45. The foamable pharmaceutical composition according to claim 33, wherein the steroidal anti-inflammatory agent is selected from the group consisting of dexamethasone, hydrocortisone, prednisolone, methylprednisolone, prednisone, triamcinolone, mometasone, budesonide, fluocinolone, betamethasone, cortisone isoflupredone, tixocortol, triamcinolone, amcinonide, desonide, fluocinonide, halcinonide, fluocortolone, aclometasone, clobetasone, fluocortolone, fluocortolone, and fluprednidene, and salts thereof.

46. The foamable pharmaceutical composition according to claim 33, wherein the steroidal anti-inflammatory agent is dexamethasone.

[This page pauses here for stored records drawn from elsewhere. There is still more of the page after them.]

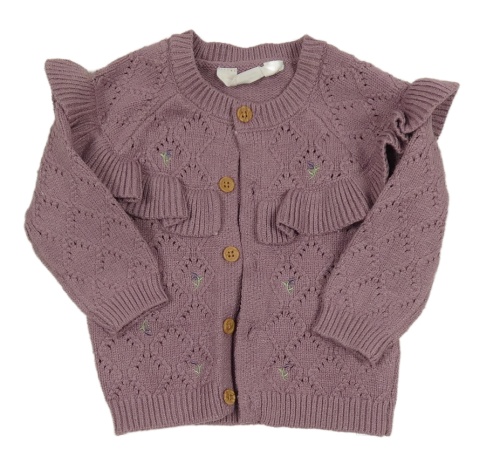 Fialovohnědý károvaný úpletový propínací svetr s kytičkami a volánky PRIMARK
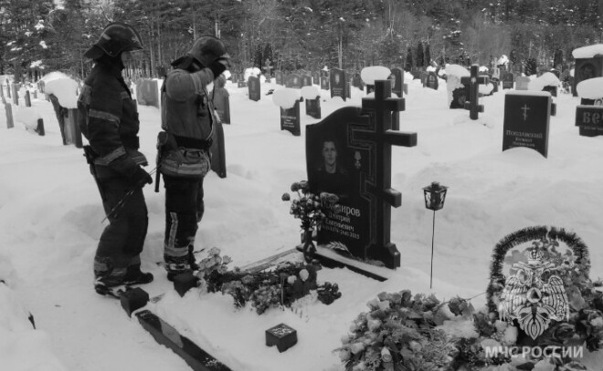 На Кузьмоловском кладбище Всеволожского района прошла траурная церемония, посвящённая памяти Дмитрия Евгеньевича Тихомирова — пожарного, героически погибшего при исполнении служебного долга. Почтить его пришли сослуживцы, родные, а также ученики Токсовской школы, где он когда-то учился и преподавал физкультуру.
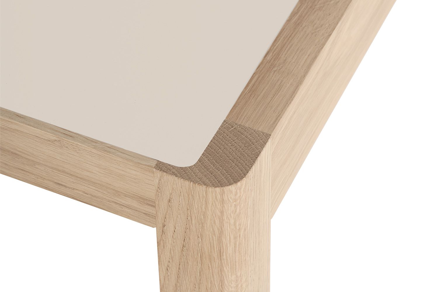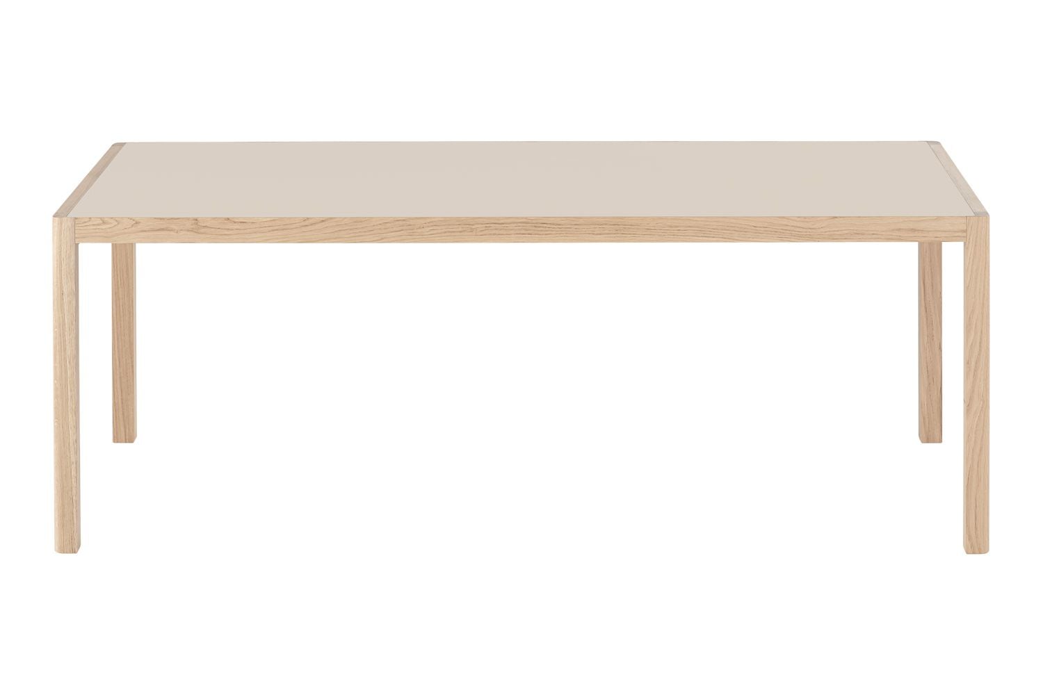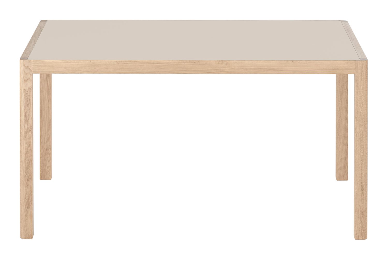 ワークショップテーブルは、天板と4本の脚からなる、シンプルで上品な佇まいが特徴です。天板は、北欧の伝統的な素材で木目の美しいオーク材と、絹のようなマットな質感を持つリノリウムの2種類からお選びいただけます。

47. The foamable composition according to claim 33, comprising: wherein the composition is devoid of oil, and wherein the composition packaged in a container is adapted to form foam after being dispensed from the container.

(i) propylene glycol in an amount of from about 40% (w/w) to about 70% (w/w) of the composition;

(ii) water in an amount of from about 30% (w/w) to about 60% (w/w) of the composition;

(iii) a surfactant and/or a foaming agent;

(iv) a stabilizing agent;

(v) a quinolone;

(vi) a steroidal anti-inflammatory agent; and

(vii) a compressed propellant gas

48. The foamable pharmaceutical composition according to claim 33, comprising: Ingredient w/w (%) Propylene glycol 49.00 Water 46.38 Polysorbate 80 2.50 PEG 40 stearate 0.80 Cetyl alcohol 0.40 Hydroxyethyl cellulose 0.20 Glycerol 0.10 Ciprofloxacin HCl 0.35 Dexamethasone base 0.10 Sodium acetate 0.15 Acetic acid q.s. Benzalkonium chloride 0.02 q.s. = quantity sufficient to obtain the desired pH.

49. A method for treating an ear disorder comprising administering to the ear of a subject in need of such treatment a therapeutically effective amount of a foamable pharmaceutical composition according to claim 33.

50. The method according to claim 49, wherein the subject is a human.

51. The method according to claim 49, wherein the subject is an animal.

52. The method according to claim 49, wherein the ear disorder is otitis selected from the group consisting of otitis externa and otitis media.